▶ **Problem requirements**
The response should consist of every line below, restated exactly, with no pictures.

▶ **Dataset content**
◇ ◇ ◇ ◇

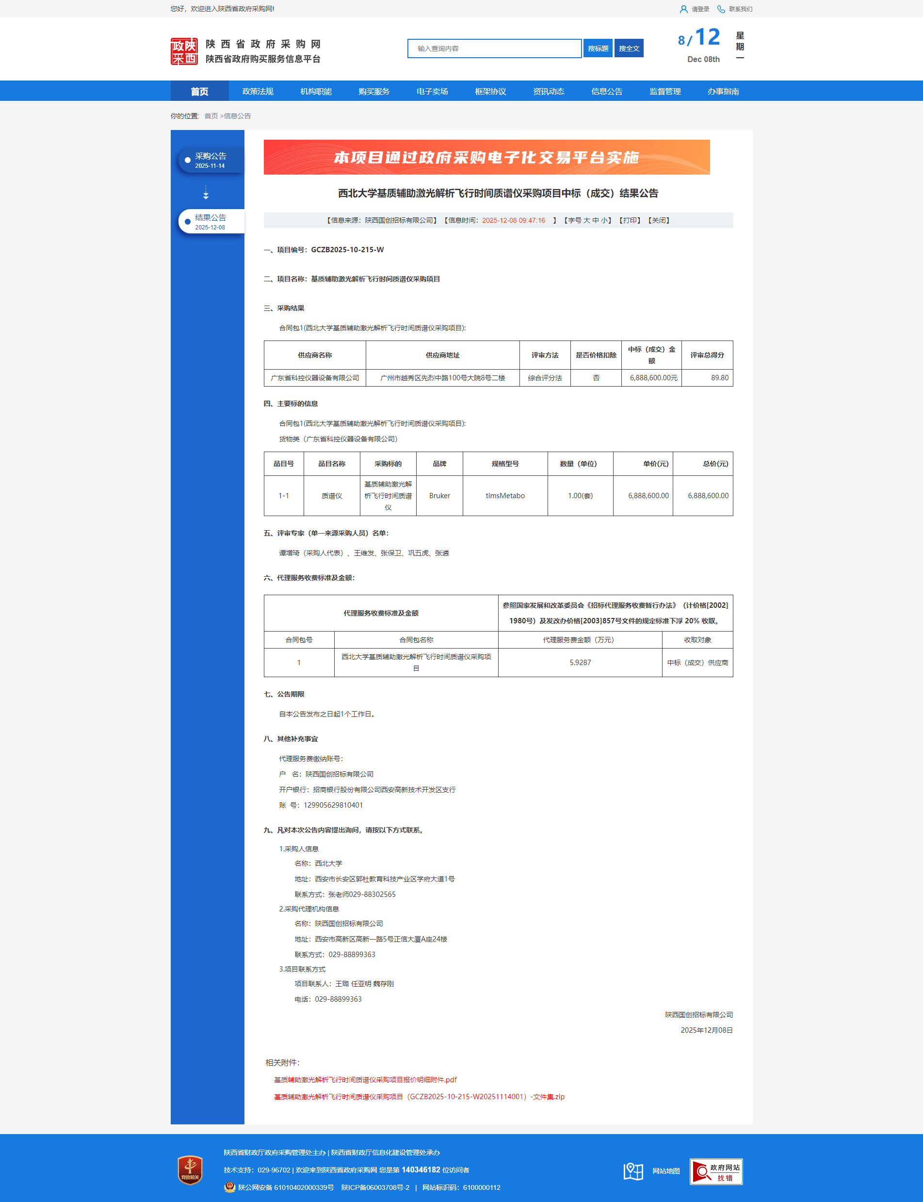 云博app官方在线入口基质辅助激光解析飞行时间质谱仪采购项目中标(成交)结果公告
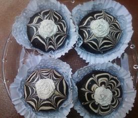 بعد الطهي نلصق حبتين مع بعض بالكريمة و تغلفها بالشوكولا السوداء و تزين بالشوكولا البيضاء و توضع وسطها وردة من عجينة اللوز
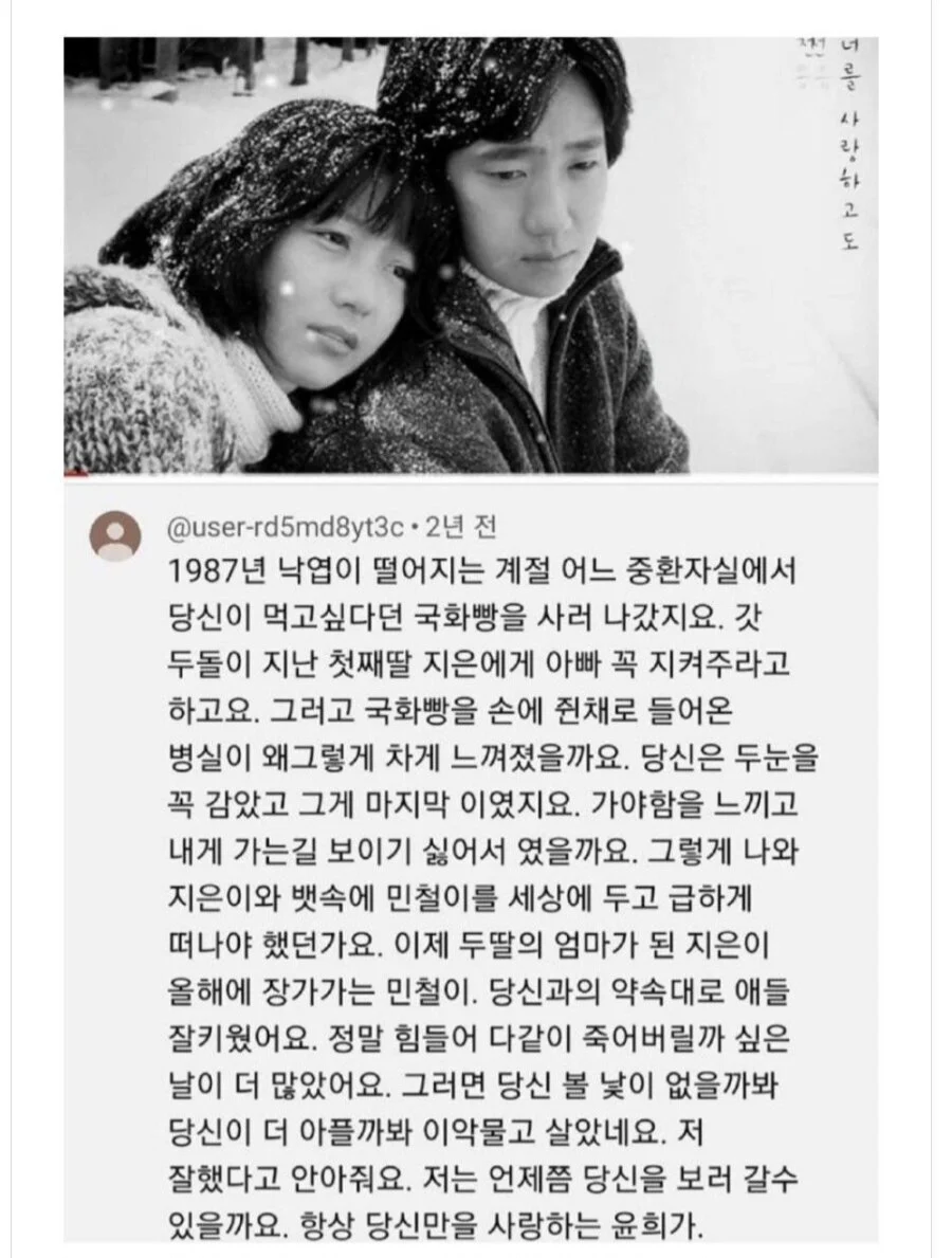 엄마가 유튜브에 쓴 댓글을 본 딸 rh1 0 160 0 2025.03.01 14:45 https://youtu.be/wTe1ljdLt1E 15년 전에 업로드 된 유튜브 영상에 어느날 댓글이 하나 달렸다. 그리고 1년 뒤 달린 댓글 0

◇ ◇ ◇ ◇

▶ **Answer below**
 云博app官方在线入口基质辅助激光解析飞行时间质谱仪采购项目中标(成交)结果公告
 بعد الطهي نلصق حبتين مع بعض بالكريمة و تغلفها بالشوكولا السوداء و تزين بالشوكولا البيضاء و توضع وسطها وردة من عجينة اللوز
 엄마가 유튜브에 쓴 댓글을 본 딸 rh1 0 160 0 2025.03.01 14:45 https://youtu.be/wTe1ljdLt1E 15년 전에 업로드 된 유튜브 영상에 어느날 댓글이 하나 달렸다. 그리고 1년 뒤 달린 댓글 0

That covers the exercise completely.